量子光力学系统使研究大质量物体的量子性质的基本问题成为可能。为此,需要光和机械运动之间的强耦合,这对大质量物体提出了挑战。特别是,具有低频振荡器的大型干涉传感器很难引入量子状态。本文提出了在Michelson-Sagnac干涉仪中不平衡中央分束器,与平衡分束器相比,这使我们能够提高光机械耦合强度。这种不平衡使我们能够增强系统中存在的两种类型的光-机械耦合的合作作用:耗散和色散。我们分析了两种不同的光机械腔结构,即由激光泵浦场反射镜(功率回收)和信号场反射镜(信号回收)组成的光机械腔。我们表明,分束器的不平衡使我们能够显著地增加测试质量运动的光学冷却。我们还给出了观测量子辐射压力噪声和有源压缩的条件。我们的结构可以作为对干涉仪进行更复杂修改的基础,以利用增强的耦合强度。这将使我们能够有效地达到大测试质量的量子态,为研究量子力学的基本方面和量子引力的实验研究开辟了道路。

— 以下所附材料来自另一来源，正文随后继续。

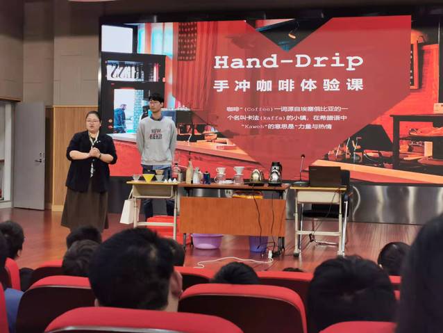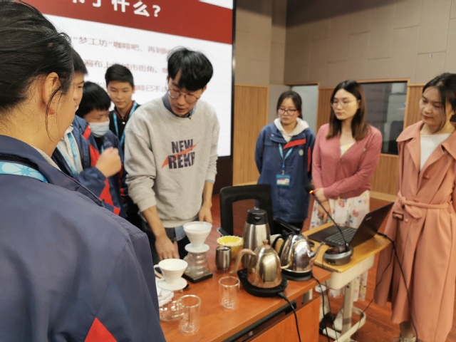 首先,咖啡师张在东老师为大家讲解咖啡的基础知识,包括咖啡的起源、产地、品种和成分。其次,讲解了咖啡在上海的发展,特地提到了上海几家公益性咖啡店的开创,是“以学生为本”的“终身教育”和“发展教育”的现实版本。随后,咖啡师现场给大家演示了手冲咖啡的冲泡方式,并且邀请学生上台尝试“手冲咖啡的制作”。同学们都跃跃欲试,在专业咖啡师张老师的指导下,几位同学完成了“手冲咖啡”的冲泡,完成任务的喜悦之情溢于言表,小干同学表示迫不及待地想让爸爸也品尝一下他亲手做的咖啡。在讲座过程中,同学们和咖啡师张老师进行了良好的互动;在咖啡冲泡过程中,同学们严肃认真,求知欲饱满,善于思考和提问,勇于尝试,乐于分享,一次次将共同学习的氛围推向高潮,实现了师生之间的沉浸式互动。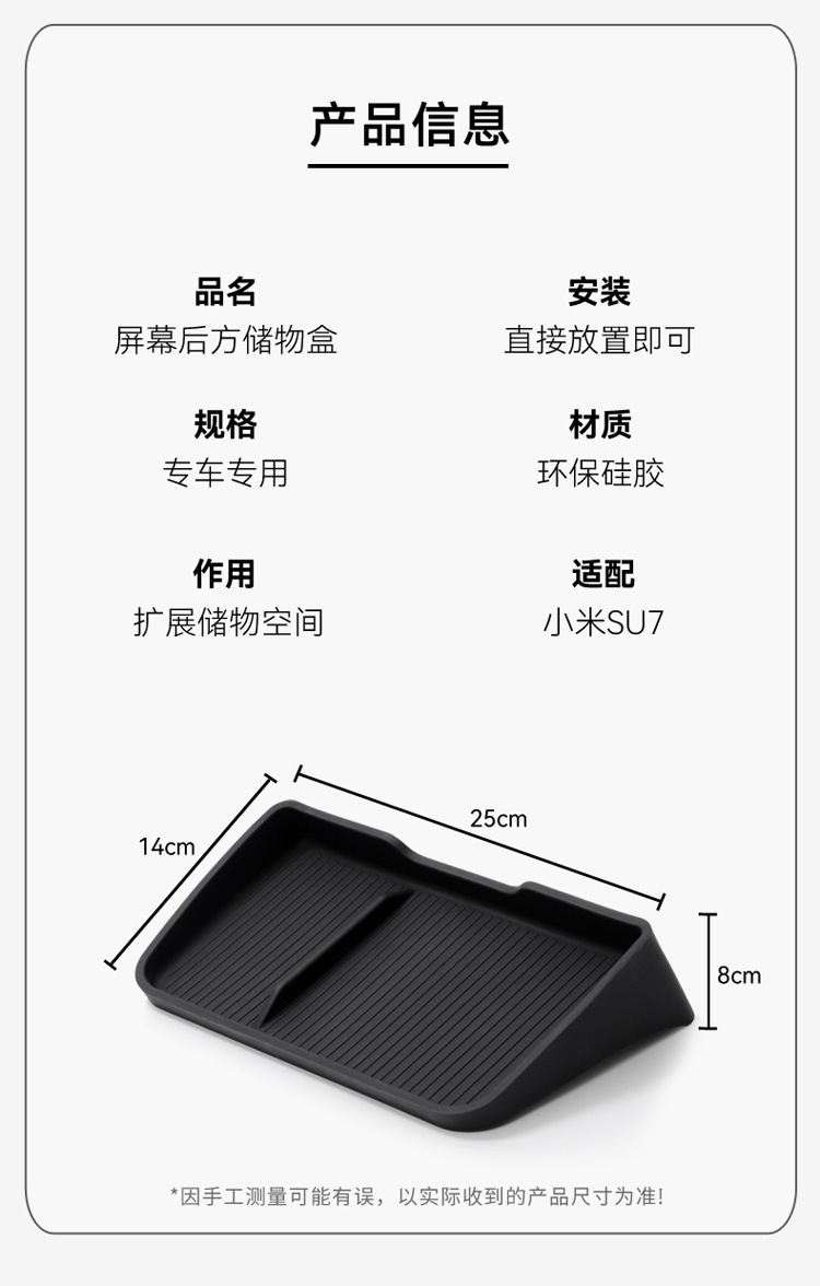 - Direct Fitment: A perfect replacement storage solution for the Xiaomi SU7 2024 model. Designed specifically for the center console screen area, as shown.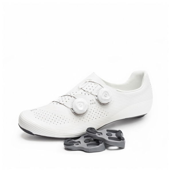 Die M3 Pro Rennradschuhe bieten eine steife Nylon-Carbon-Sohle für direkte Energieübertragung, während das leichte Mikrofaser-Obermaterial atmungsaktiv und komfortabel bleibt. In Verbindung mit den Look Kéo Cleats mit Grip-Beschichtung ergibt sich ein durchdachtes Klicksystem für maximale Kontrolle, Stabilität und Sicherheit beim Gehen.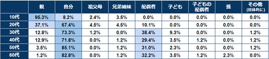 10代は家計を「親」が管理している割合が最も多い一方で、20~60代では男女ともに「自分」と答えた方の割合が高く、男性は約6~7割、女性は約7~8割と、女性の方が家計を管理している割合がやや高い傾向が見られました。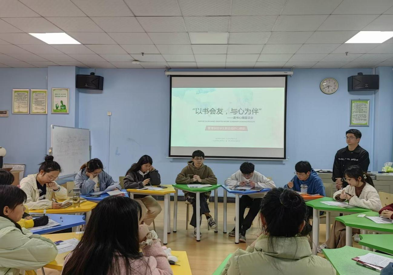 为更好地引导大学生读书悟书,关注自身心理健康,培养健康向上的心理状态,推动健康的心理校园文化发展,营造良好的文化氛围,2023年3月28日下午,湖南工程学院管理学院在罗蒙老师的带领以及管理学院学生联合组织心理部的协助下,在新校区团体辅导室开展“以书会友,与心为伴”为主题的心理读书交流会活动。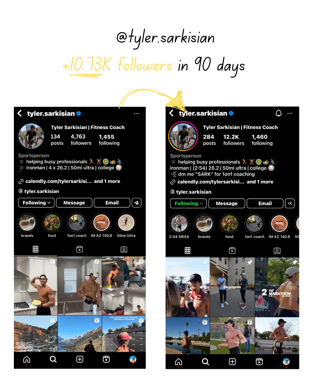 Tras aplicar los sistemas de Amplify, Tyler casi triplicó su número de seguidores en 90 días y generó más de 30 000 $ en ingresos por clientela.
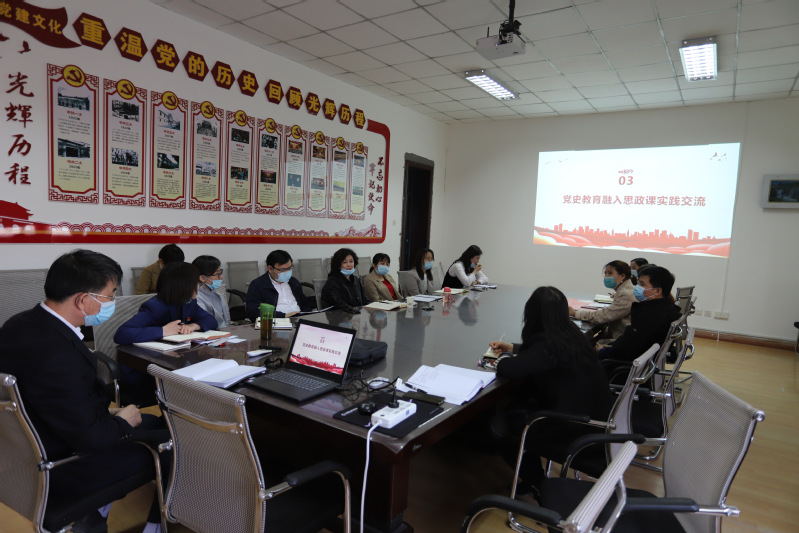 宣讲完毕,蒲丽霞副院长主持了党史教育融入思政课的交流活动,她汇报了学院对党史教育融入思政课的安排部署和前期工作,并强调,思政课教师要在自身学习党史的同时,将党史教育融入每门课程中,带领学生学习党史,引导他们感党恩、听党话、跟党走。随后,“原理”教研室主任迪丽娜尔·阿布力孜、“教程”教研室负责人马娜分别从教研室的角度对开展党史教育融入思政课的实践探索进行发言,青年教师王宇、许佳丽、杜彬分别对各自在党史融入课程方面的思考和尝试作了交流,发言详实具体,针对性强,充分展现了老师们对课程的把握和探索的热情。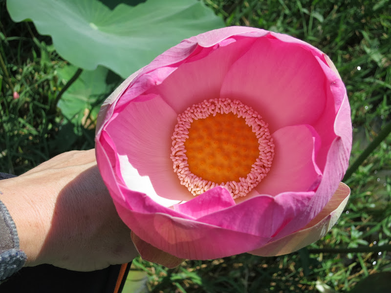 Мелководные разливы проток Меконга плотно заросли этим широколистым растением. Цветы лотоса крупные, с два сложеных вместе больших мужских кулака. Розовые лепестки колышутся на ветру, а в центре, окруженный желтыми тычинками, располагается широкий конус-пестик, тоже желтый.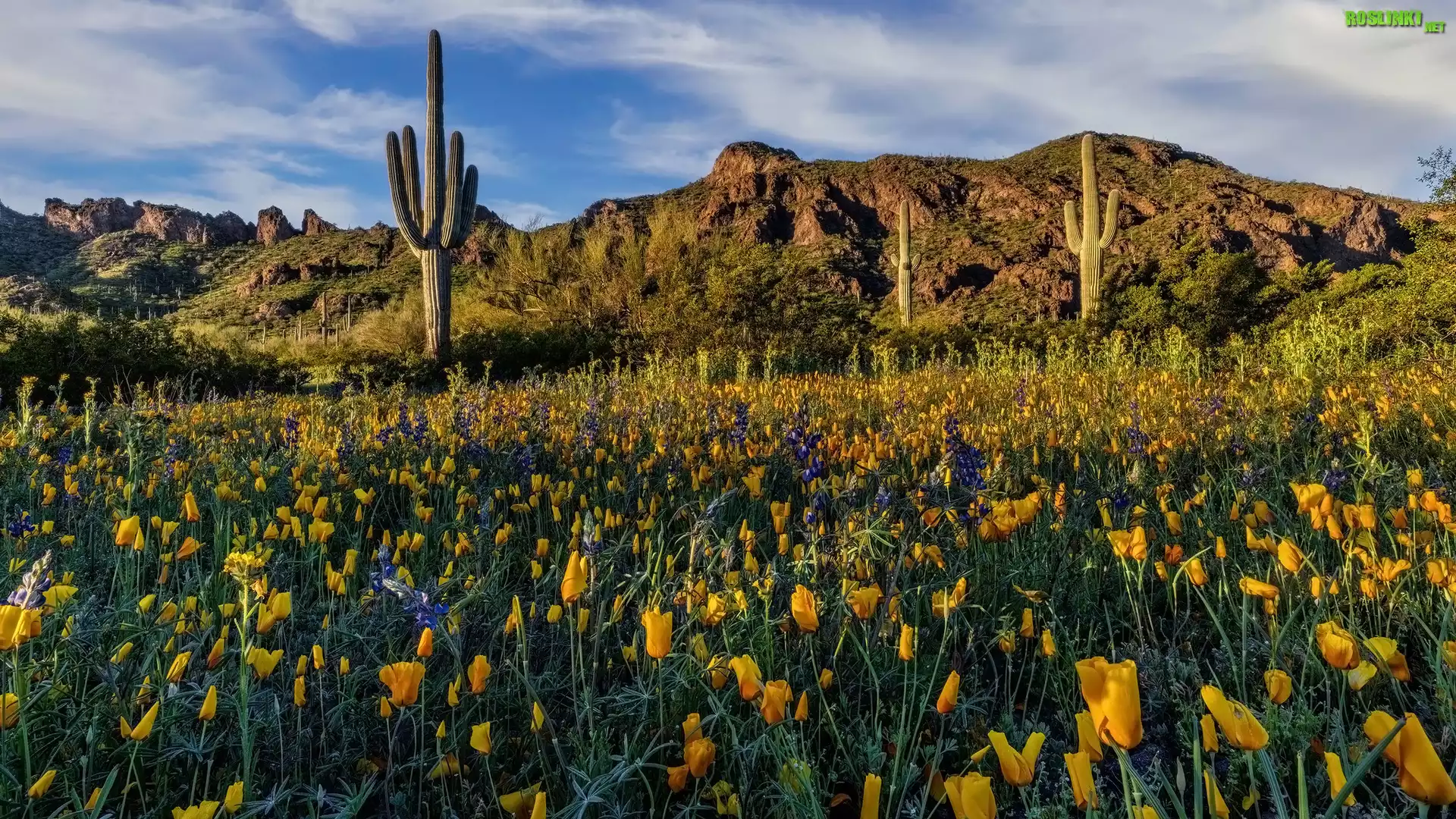 Rośliny: Góry, Kaktusy, Kwiaty, Łubin, Pozłotki, Łąka

本文章由计算机程序翻译,如有差异,请以英文原文为准。
Enhanced optomechanical interaction in an unbalanced Michelson-Sagnac interferometer
Quantum optomechanical systems enable the study of fundamental questions on the quantum nature of massive objects. For that a strong coupling between light and mechanical motion is required, which presents a challenge for massive objects. In particular, large interferometric sensors with low-frequency oscillators are difficult to bring into the quantum regime. Here we propose unbalancing the central beam splitter in the Michelson-Sagnac interferometer, which allows us to boost the optomechanical coupling strength compared with a balanced beam splitter. This unbalancing allows us to enhance the cooperative action of two types of optomechanical coupling present in the system: dissipative and dispersive. We analyze two different configurations, in which the optomechanical cavity is formed by the mirror for the laser pump field (power recycling) and by the mirror for the signal field (signal recycling). We show that the imbalance of the beam splitter allows us to dramatically increase the optical cooling of the test-mass motion. We also formulate the conditions for observing quantum radiation-pressure noise and ponderomotive squeezing. Our configuration could serve as the basis for more complex modifications of the interferometer that would utilize the enhanced coupling strength. This would allow us to efficiently reach the quantum state of large test masses, opening the way to studying the fundamental aspects of quantum mechanics and the experimental search for quantum gravity.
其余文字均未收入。